In addition to being among the first motor car manufacturers in the world, Panhard-Levassor achieved a permanent place in the history of motoring when Emile Levassor in 1891 devised the system Panhard with a vertical front-mounted engine driving through a clutch to a set of sliding gears (these were yet to go into a box) with final drive to the back axle by chain. The layout was so successful, with Panhard-Levassors winning many 19th century motor races, that other makers copied the design, and, apart from the use of shaft final drive (introduced by Renault in 1899), it formed the pattern for motor cars for many decades ahead.

In the eye of many early motorists Panhard-Levassors were seen as the best cars in the world, until they were gradually eclipsed by the more sophisticated Mercedes and other manufacturers who copied that make's innovations. However, in the early 1900s such was the demand for Panhard-Levassors that there was a significant waiting list for new cars, the company was paying its shareholders a 50 dividend each year, and therefore it only gradually changed its winning formula.

The Panhard-Levassor works records show that this vehicle left the factory on the 14th November 1903 as a "chassis complet de voiture automobile type touriste" to the order of Guilbert et Cie, 20 rue du Cloitre, Notre-Dame, Paris. Interestingly the car is fitted with radiator of the "cloisonne" type introduced by Grouvelle ET Arquembourg (suppliers of radiators and water pumps to Panhard-Levassor) in 1903. Reporting the Paris Salon in December 1903. The Autocrat commented about the Panhard-Levassor cars (in part). " The radiator is of the new Grouvelle et Arquembourg type, with small tubes and small square gills, carried in an irregular "collector" or frame, fitting in front of the bonnet. The car was bought from Guibert by Monsieur Negre, of Greoux-les-Bains, in the Verdon valley in the Basses-Alpes of the south of France. M. Negre was the patron of the Hotel les Bains and had the chassis bodied by coachbuilders A Montel of Marseille as a Hotel Omnibus to transport guests to and from the railway station at Manosque some 14 kilometres away. The Panhard-Levassor performed its task admirably but eventually it was laid up in the hotel garage, until the mid-1970s.

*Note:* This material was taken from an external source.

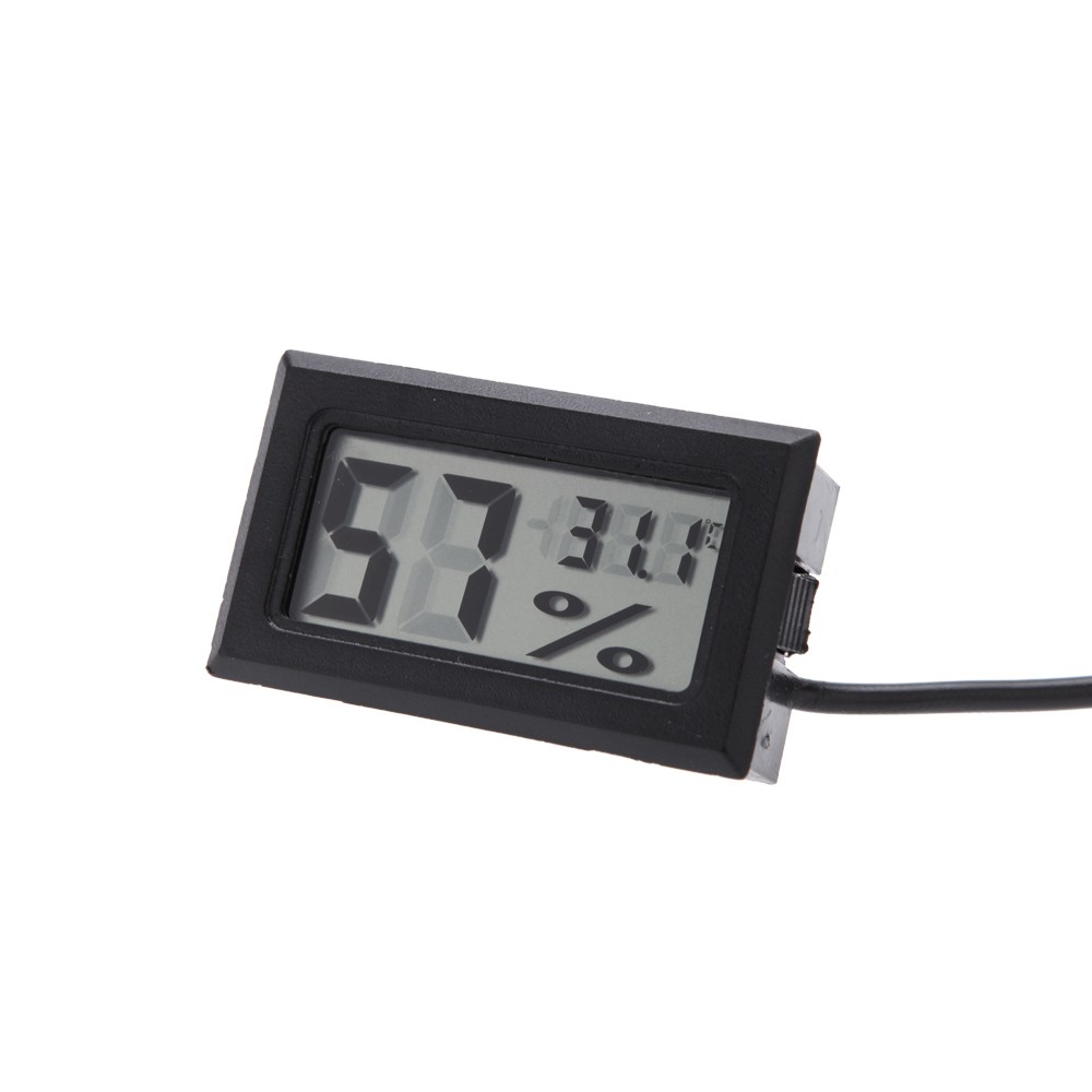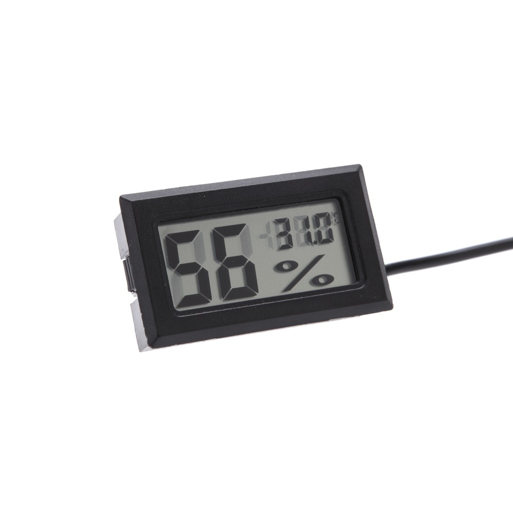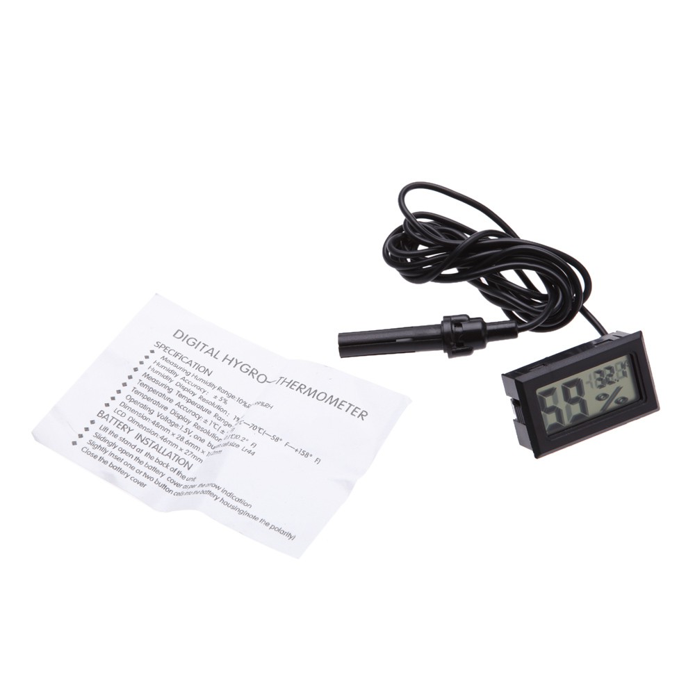 Feature: Clear and intuitive digital display of temperature and hygrometer values. Measuring temperature from -10°C to 50°C. Measuring humidity from 10% to 99%RH. Comes with a probe, which makes it easy to use. Perfect for use in incubators, brooders, rooms any other place that requires monitoring of temperature and humidity levels. Specifications: Humidity: 10%RH~99%RH Humidity accuracy: ±5%RH Humidity display resolution: 1%RH Temperature range: -10°C~50°C Temperature accuracy: ±1°C Resolution: 0.1°C Operating Voltage: 1.5V, or LR44 batteries(Not include) LCD Dimension: 36 * 16mm / 1.4 * 0.6in Probe cable length: 150cm / 59in Color: Black Dimension: 48 * 28 *15mm / 1.9 * 1.1 * 0.6in Item weight: 38g / 1.3oz Package weight: 46g / 1.62oz Package size: 9 * 6.5 * 2.3cm / 3.5 * 2.6 * 0.9in Package List: 1 * & Hygrometer (2 in 1) 1 * User Manual(English)

Three times in the past 100 years has the French system of vehicle registration been changed and it is not know what letter on the number plate this car originally carried (it was probably an H to denote the Basses-Alpes) but in 1928 a new system was introduced and on the 25th May 1929 the Panhard-Levassor was re-registered 908 AR ( the AR being the mark for the Basses-Alpes), thus suggesting that the car was still in use. When a third registration system was established in 1950 (with a number used to show the departments arranged in alphabetical order) the car was again re-registered, and given the numero d'immatriculation 682 AC04 on the 9th of January 1957, the 04 showing its continued presence in Greoux-les-Bains, with the owner being hotelier Jean Negre. Therefore the car has continued in one family ownership, in the same French town, since it was new.

In the mid-1970s the grandson of the original owner put the car back into running order and had it repainted to its original pattern before showing it at a rally in Marseille where it attracted considerable interest. Since then the Panhard-Levassor has had little use. It will therefore need sympathetic attention if it is to be put back on the road.

A 15hp Panhard-Levassor has to be amongst the most sought after of London to Brighton Run eligible motor Cars. The firm's twin-cylinder 7hp model is sprightly and the 15hp cars also possesses this attribute, but are somewhat more "long-legged" with the four-speed gearbox and an ability to climb average gradients without changing down. Furthermore, it does not have the heavier steering that the larger Panhard-Levassor models (and most other "big" cars of the period) inevitably exhibit when required to be used at low speeds, as is so frequently the case on the Brighton Run and when being used in the presence of modern traffic.
With its six-seater bodywork, an impeccable history from 1903 and the quality of the original product, this is a most desirable four-cylinder Brighton car.